As you might guess, she was a rather resourceful and strong-willed person. She wouldn't be pushed around by anyone. This was both a good thing and at times a bad thing.

It was a very good thing as it relates to her son. He grew into a man any mother would be proud of: a good student, a pilot and war hero in the Air Force, a state legislator, etc. But then there was the backlash when he co-sponsored a gay rights bill and the local very-conservative voters turned on him. Especially when he refused to deny that he was gay. She didn't flinch in her love or support of him. Meanwhile, her grandson came out as gay - less high profile, but more on-the-record than her son's unspoken homosexuality - and she never wavered for a second in her love for him... that is, for me. And when, years later, her son died of AIDS complications (about the same age as her husband), she withstood all the "shame" from the community, not moving a single inch.

That not-moving was also a bad aspect of her stubbornness.
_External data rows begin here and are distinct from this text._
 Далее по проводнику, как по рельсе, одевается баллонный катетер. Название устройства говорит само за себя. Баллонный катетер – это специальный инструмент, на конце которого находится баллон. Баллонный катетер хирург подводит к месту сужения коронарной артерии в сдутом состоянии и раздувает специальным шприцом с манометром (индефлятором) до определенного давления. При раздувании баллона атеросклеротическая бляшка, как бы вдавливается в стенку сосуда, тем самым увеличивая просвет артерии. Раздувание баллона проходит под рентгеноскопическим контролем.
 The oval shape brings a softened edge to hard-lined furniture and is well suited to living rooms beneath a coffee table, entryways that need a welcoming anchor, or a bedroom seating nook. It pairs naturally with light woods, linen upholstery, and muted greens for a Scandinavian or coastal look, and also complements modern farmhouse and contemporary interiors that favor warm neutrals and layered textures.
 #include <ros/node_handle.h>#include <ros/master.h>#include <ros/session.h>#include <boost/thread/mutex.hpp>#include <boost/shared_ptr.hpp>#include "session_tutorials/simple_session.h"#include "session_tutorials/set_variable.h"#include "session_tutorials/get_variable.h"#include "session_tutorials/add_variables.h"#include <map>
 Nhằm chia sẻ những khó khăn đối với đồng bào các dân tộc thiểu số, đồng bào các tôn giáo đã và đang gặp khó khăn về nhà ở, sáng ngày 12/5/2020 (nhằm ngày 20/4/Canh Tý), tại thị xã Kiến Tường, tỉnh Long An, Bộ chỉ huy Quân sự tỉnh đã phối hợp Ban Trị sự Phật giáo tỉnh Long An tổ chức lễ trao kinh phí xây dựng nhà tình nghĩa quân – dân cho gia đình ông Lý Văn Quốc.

As she became more frail, she refused to move out of her house. She struggled to keep it up as well as she once had. It took a broken hip - which meant that she could barely get around the ground floor, with the upstairs completely inaccessible - and then a stroke, to get her to give in and move into an "assisted living" facility. But since she'd refused to even consider it before, she wasn't on any waiting lists, and had to settle for what limited options were available. And her stubborn refusal to let physical therapists push her around meant that she didn't get any stronger.

She was even a bit stubborn about dying. Not that she wasn't ready; she'd talked from time to time for months about being ready to die. But for whatever reason, she hung on and on and on. She slipped below consciousness yesterday, and the hospice staff called us mid-afternoon saying she probably only had a matter of hours... maybe less... left. We came running, but she continued breathing regularly late into the evening, and we went home. Then around midnight the staff renewed their warning, and we all dragged ourselves (minus her great-grandchildren) out of bed to be with her. But although her breathing became shallower and raspier, she made it through the night, and the mothers ended up leaving to get their sleeping children out of bed and to school, a son-in-law and I both left for work. At about 9:30, she breathed her last.
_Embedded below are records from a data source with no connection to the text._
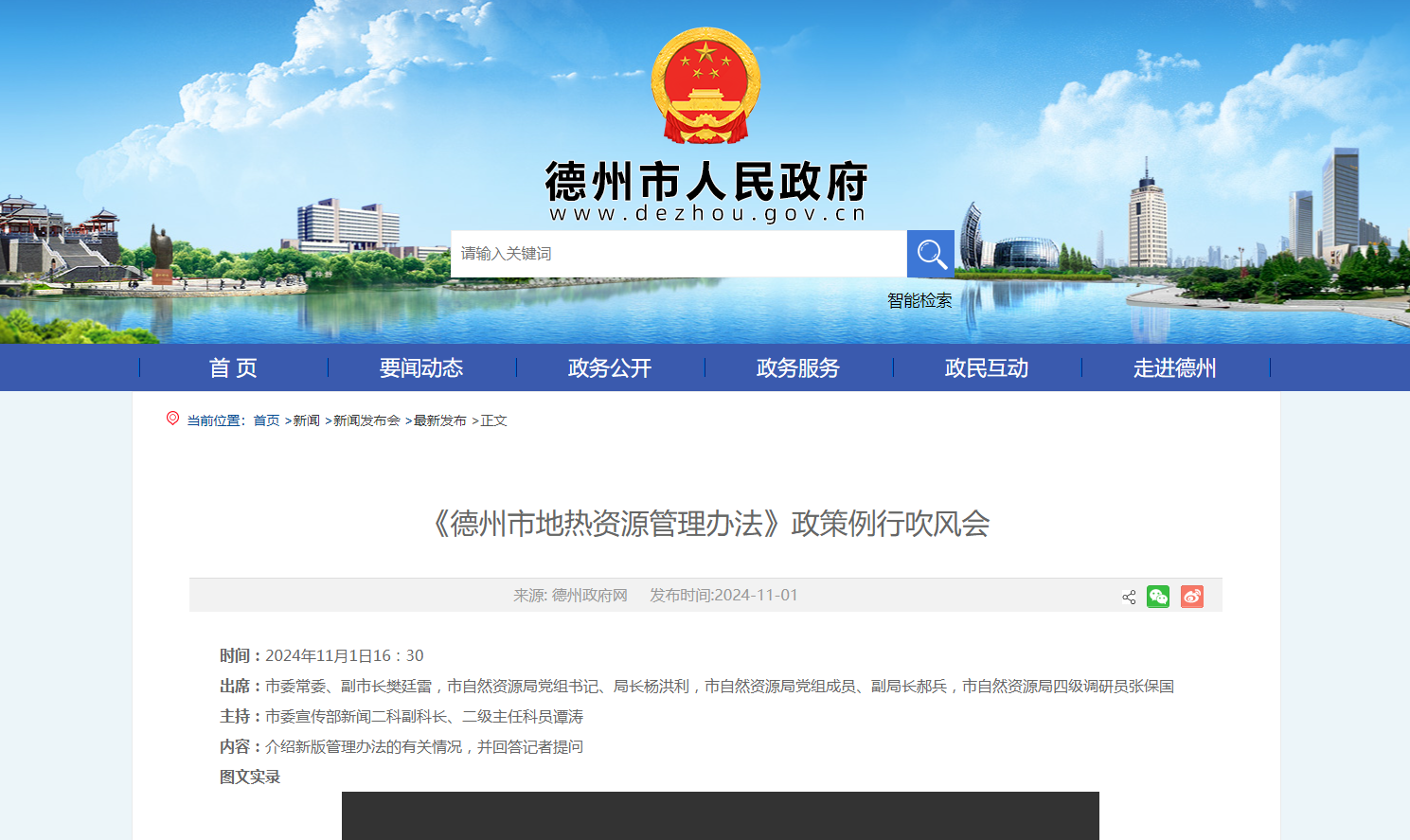 近日,德州市举办《德州市地热资源管理办法》政策例行吹风会,德州市委常委、副市长樊廷雷就新版管理办法的有关情况做介绍。据介绍,德州是地热资源富集区,目前已查明地热资源量约500亿立方米,占全省的21.35%。地热井成井深度1300—1700米,地热水出水温度52—70℃。已探明全市范围内均有地热资源分布,回灌条件下年可采量约5亿立方米,可供暖面积6亿平方米。近年来,德州市抢抓政策机遇,加大地热资源开发利用力度,在技术研发、装备制造、矿业权出让管理等方面积极探索、持续发力,形成了地热资源开发利用的“德州模式”。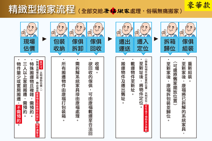 你有聽過無痛搬家嗎 ? 不用自己打包,一切都交給康福處理的搬家方式。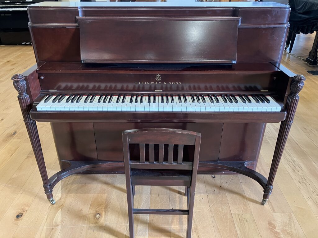 A rare, vintage find in great condition! This Model P from Steinway & Sons is a 45″ studio upright with a full sound. Note the attention to detail in the grand-style music wrack, fluted leg design, and curved toe blocks.
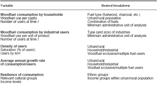 The demand module portrays the spatial distribution of woodfuel consumption, disaggregated, if possible, by fuel type (fuelwood, charcoal, others), by sector of users (households, industrial, others) and by area (rural, urban). It is also used to identify those areas showing distinctive consumption dynamics (e.g. increasing woodfuel needs). The main sources of information in developing this module are statistics on demography and other socio-economic parameters collected and maintained by national statistical services, and studies and surveys that contain information on unit consumption by type of user, for example.

Although our vigils proved "unnecessary", they were still worth the effort. It was good that the kids (ages 6-15) got to see her in her waning hours. That will help the youngest to connect the dots between her illness and her disappearance from family gatherings, and help them all to see death as a natural part of life, not to be feared per se, but accepted when it comes. And it was good for my sisters, my aunt and uncle, and me to be together like that.

The one "tragedy" of how this happened was the fact that my mother and father weren't there. My father's parents died over 20 years ago, so he's grown closer to his mother-in-law than you might think. My mother has been her primary caregiver in the family, and is also now the matriarch of it. But they're on a well-deserved vacation and won't be back until tomorrow. She stressed out over whether to go, knowing that her mother was in such bad shape, but (sensibly, I think) went. And now her fear has been realised. I hope she can let that go, though. But knowing how much she takes after her mother... I wouldn't count on it.